Las nubes reposan y amparan una chimenea que parece vigilar el barrio entero desde las alturas, como un tótem metálico. Al fondo, el sombrero puntiagudo de la Catedral da gracias a dios por los colores celestes que divisa.
Mientras tanto, dos pinzas trapecistas acaban de conocerse. No hay braguitas, ni calcetines que puedan entrometerse. La situación es perfecta:
-Hola. Qué tarde tan bonita. ¿Te importa si me quedo un ratito a tu lado?
-No, si no te molesta estar en silencio.
(La brisa marina del barrio marinero cruza las torres y llega hasta sus oídos de madera barata)
-¿Tienes fuego?
- No fumo, pero sé que a veces aparece por aquí una humana fumadora a quien no le molesta el silencio de las alturas. Puede que tengas suerte y suba.

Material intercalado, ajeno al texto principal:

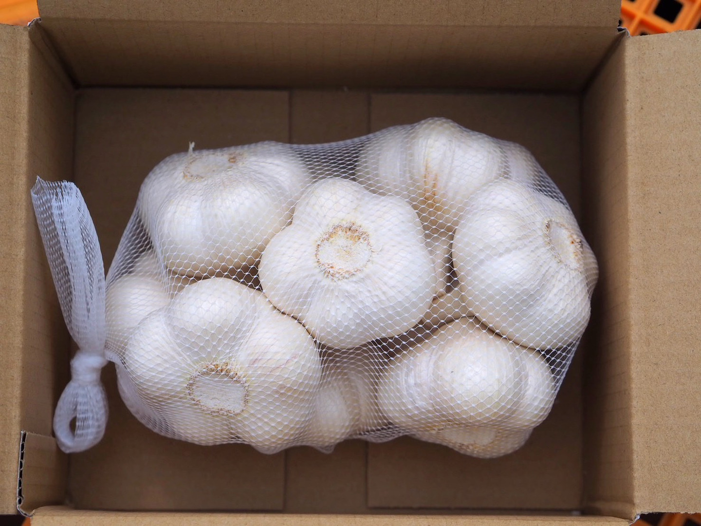 常温で保存する場合は、ネットににんにくを詰めて、直射日光の当たらない涼しい場所で保存してください。適切に乾燥させると数か月は日持ちしますが、温度や湿度条件によっては発芽したりカビが発生する場合もございますので、自己責任でお願いいたします。

-Mira, allí está. No seas vergonzosa.
-¿Estás segura que no es peligrosa?
-Sí es mi amiga.
-Está bien. Se lo pediré.
¿Tienes fuego?
-Sí, toma.
La mujer de la novela acaba de terminar el primer capítulo. De nuevo apoya el libro en su regazo y se fija en una azotea. ¡Un par de pinzas se lo están montando a lo grande! Se frota los ojos por incrédula, pero…
allí están ellas amándose al atardecer.